── Information ──
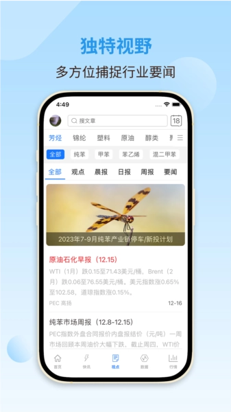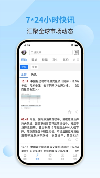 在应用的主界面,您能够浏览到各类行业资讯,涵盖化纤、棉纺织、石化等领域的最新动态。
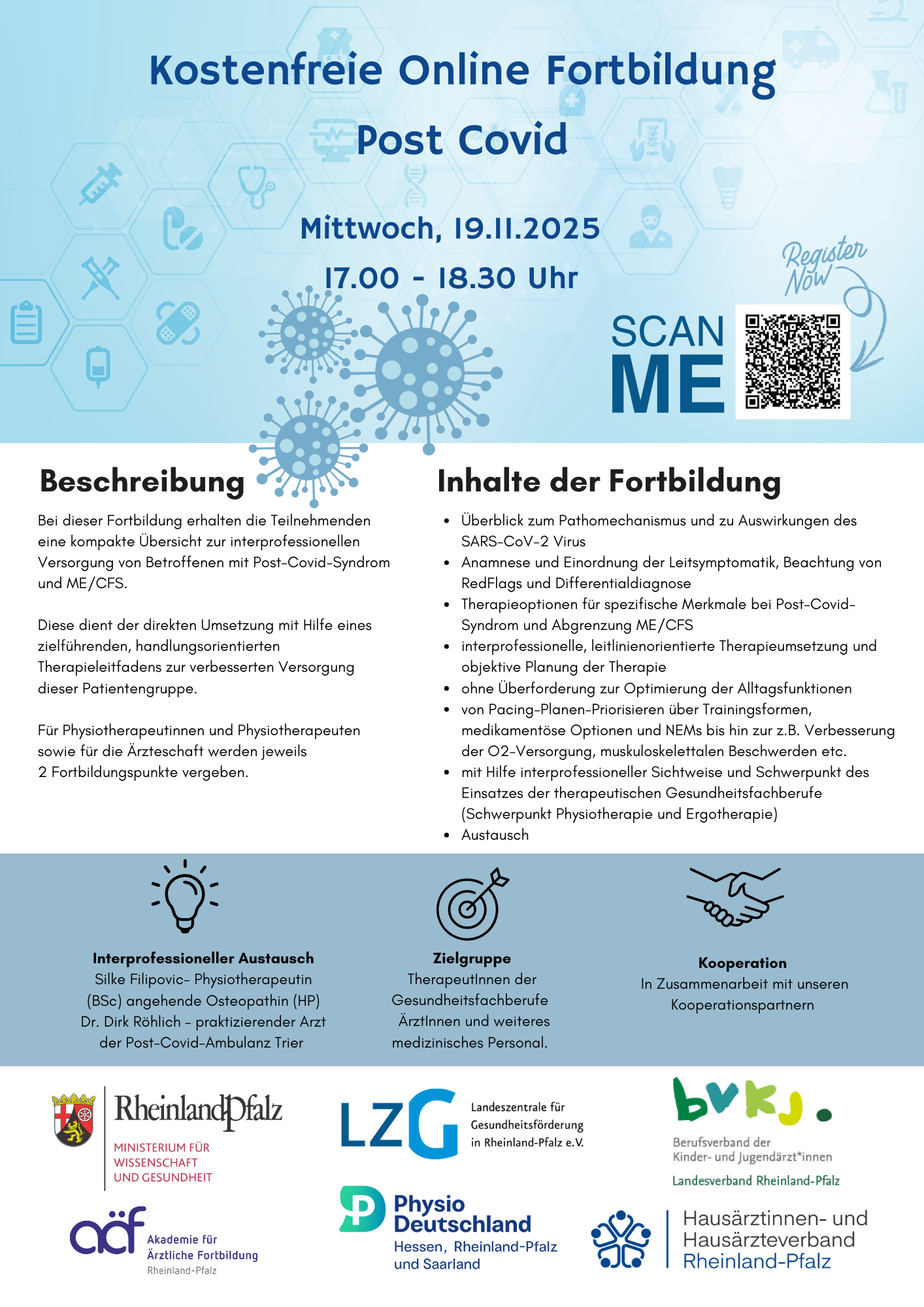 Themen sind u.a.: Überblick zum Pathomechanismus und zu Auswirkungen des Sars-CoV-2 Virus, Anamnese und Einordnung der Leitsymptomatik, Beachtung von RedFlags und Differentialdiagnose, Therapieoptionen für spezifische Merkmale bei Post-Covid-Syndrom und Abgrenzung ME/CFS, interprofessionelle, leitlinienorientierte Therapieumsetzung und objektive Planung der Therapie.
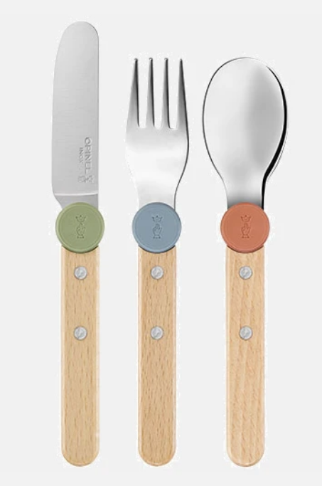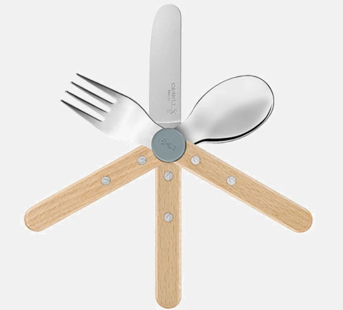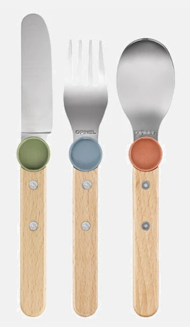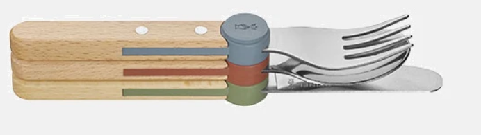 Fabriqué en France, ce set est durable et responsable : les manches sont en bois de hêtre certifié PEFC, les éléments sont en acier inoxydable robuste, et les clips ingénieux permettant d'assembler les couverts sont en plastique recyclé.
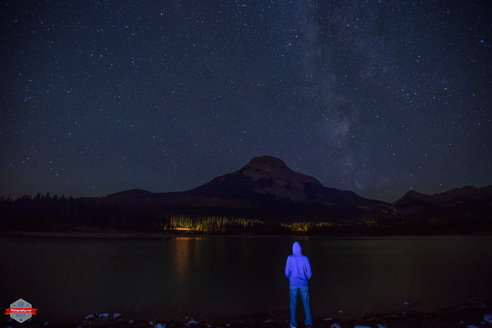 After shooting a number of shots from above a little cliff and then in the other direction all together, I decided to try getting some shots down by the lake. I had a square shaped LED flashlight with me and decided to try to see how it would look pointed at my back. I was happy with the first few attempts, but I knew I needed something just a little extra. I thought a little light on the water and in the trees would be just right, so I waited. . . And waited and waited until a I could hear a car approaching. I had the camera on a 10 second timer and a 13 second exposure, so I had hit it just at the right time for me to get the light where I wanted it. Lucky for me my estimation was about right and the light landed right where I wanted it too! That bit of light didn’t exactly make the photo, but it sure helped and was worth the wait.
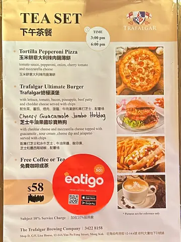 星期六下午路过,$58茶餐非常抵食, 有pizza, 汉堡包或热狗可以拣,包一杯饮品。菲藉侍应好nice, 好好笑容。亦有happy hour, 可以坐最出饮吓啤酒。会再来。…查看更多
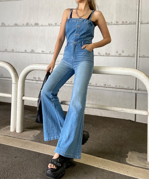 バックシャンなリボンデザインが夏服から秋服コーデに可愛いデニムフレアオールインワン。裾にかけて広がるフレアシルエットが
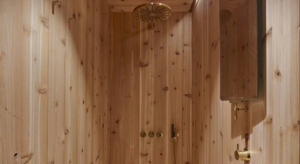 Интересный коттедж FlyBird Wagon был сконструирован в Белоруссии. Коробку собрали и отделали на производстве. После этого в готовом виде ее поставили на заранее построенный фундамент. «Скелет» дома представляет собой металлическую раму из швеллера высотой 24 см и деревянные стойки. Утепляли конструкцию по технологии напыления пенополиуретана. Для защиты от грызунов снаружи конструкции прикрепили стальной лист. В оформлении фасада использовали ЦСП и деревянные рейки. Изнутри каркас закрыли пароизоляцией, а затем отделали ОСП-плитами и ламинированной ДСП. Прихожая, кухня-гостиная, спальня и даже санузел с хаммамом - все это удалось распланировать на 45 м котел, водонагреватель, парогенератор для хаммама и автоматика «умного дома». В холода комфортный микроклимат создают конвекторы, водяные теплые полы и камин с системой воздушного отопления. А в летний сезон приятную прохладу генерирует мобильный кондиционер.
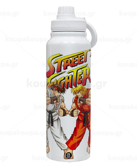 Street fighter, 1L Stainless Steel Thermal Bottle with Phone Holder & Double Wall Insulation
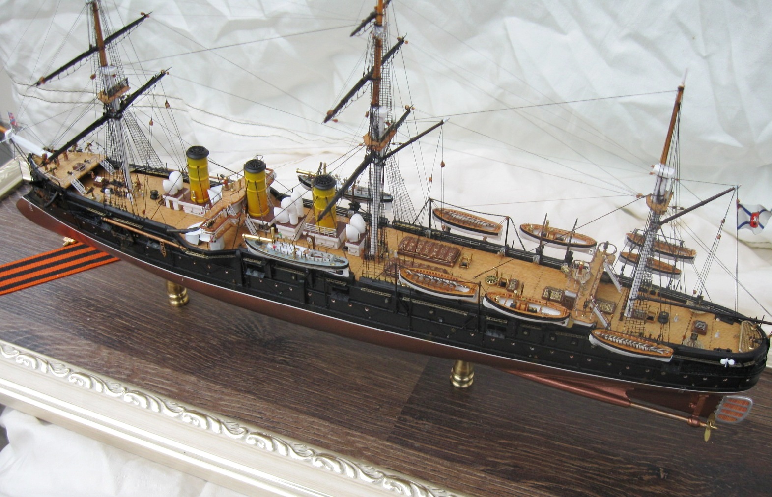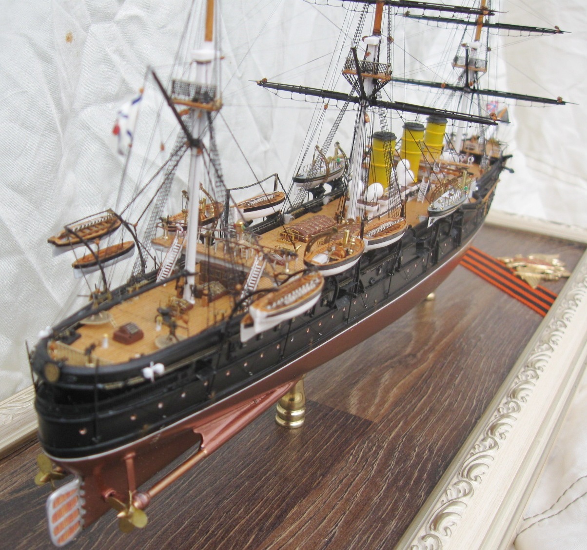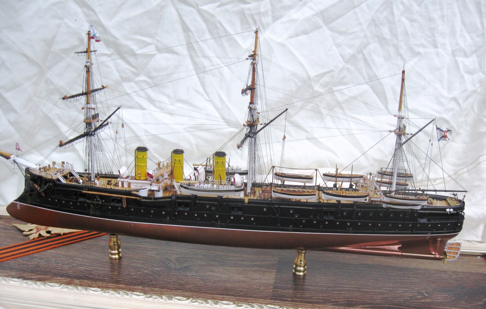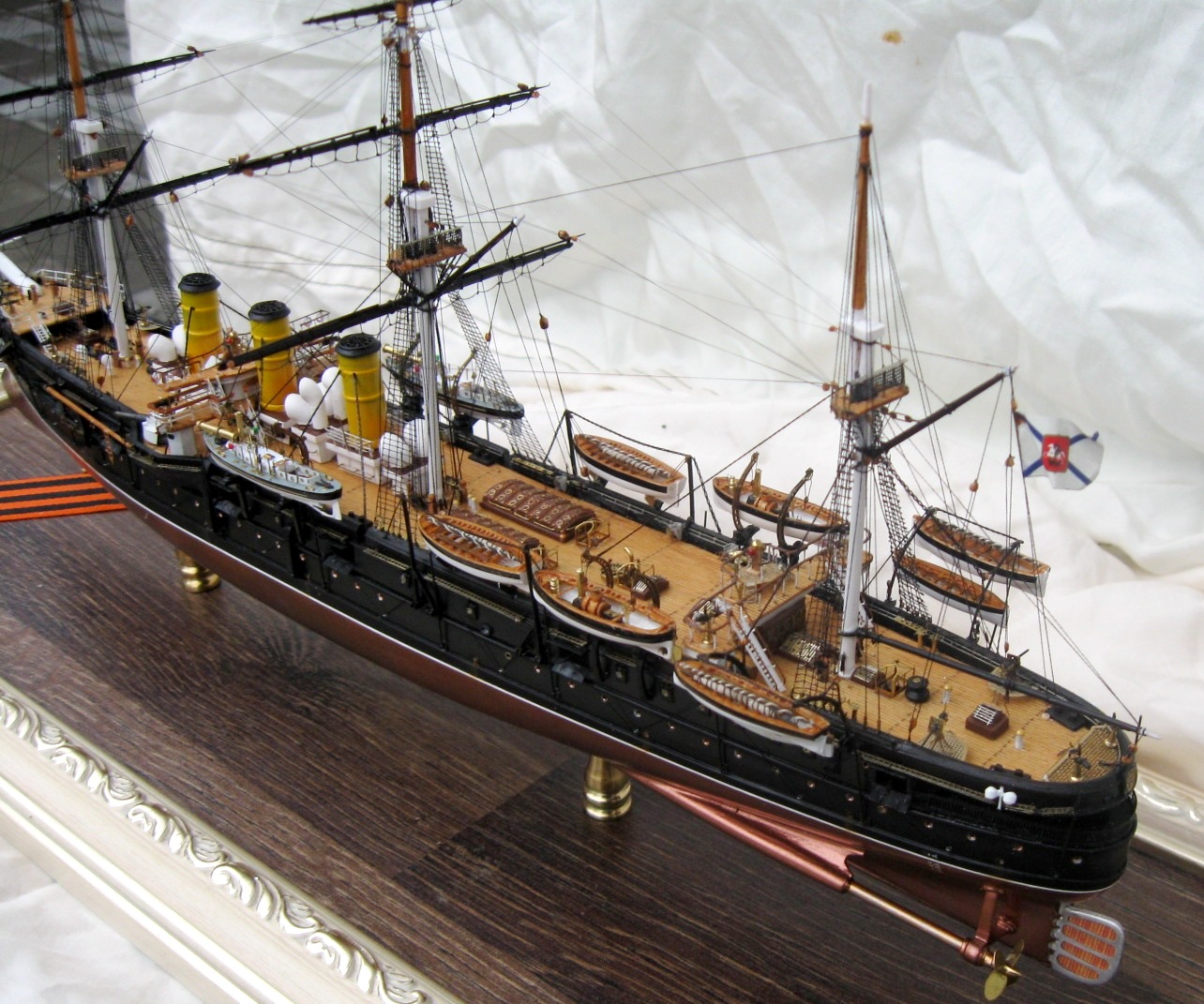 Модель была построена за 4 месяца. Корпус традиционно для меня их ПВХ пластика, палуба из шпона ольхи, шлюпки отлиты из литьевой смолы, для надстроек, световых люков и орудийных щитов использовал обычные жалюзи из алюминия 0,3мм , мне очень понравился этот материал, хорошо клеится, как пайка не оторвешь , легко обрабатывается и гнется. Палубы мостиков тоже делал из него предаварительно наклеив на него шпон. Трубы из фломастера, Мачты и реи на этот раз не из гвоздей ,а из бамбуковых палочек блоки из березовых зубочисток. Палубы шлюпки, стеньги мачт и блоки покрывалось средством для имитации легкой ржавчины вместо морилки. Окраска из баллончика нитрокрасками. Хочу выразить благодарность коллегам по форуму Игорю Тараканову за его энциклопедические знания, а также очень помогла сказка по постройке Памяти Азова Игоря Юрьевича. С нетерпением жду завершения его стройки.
───
• Problem description
Repeat the listing above exactly from its first line to the line containing "Fabriqué en France, ce", both included, and omit the pictures.

• Output of the task
 在应用的主界面,您能够浏览到各类行业资讯,涵盖化纤、棉纺织、石化等领域的最新动态。
 Themen sind u.a.: Überblick zum Pathomechanismus und zu Auswirkungen des Sars-CoV-2 Virus, Anamnese und Einordnung der Leitsymptomatik, Beachtung von RedFlags und Differentialdiagnose, Therapieoptionen für spezifische Merkmale bei Post-Covid-Syndrom und Abgrenzung ME/CFS, interprofessionelle, leitlinienorientierte Therapieumsetzung und objektive Planung der Therapie.
 Fabriqué en France, ce set est durable et responsable : les manches sont en bois de hêtre certifié PEFC, les éléments sont en acier inoxydable robuste, et les clips ingénieux permettant d'assembler les couverts sont en plastique recyclé.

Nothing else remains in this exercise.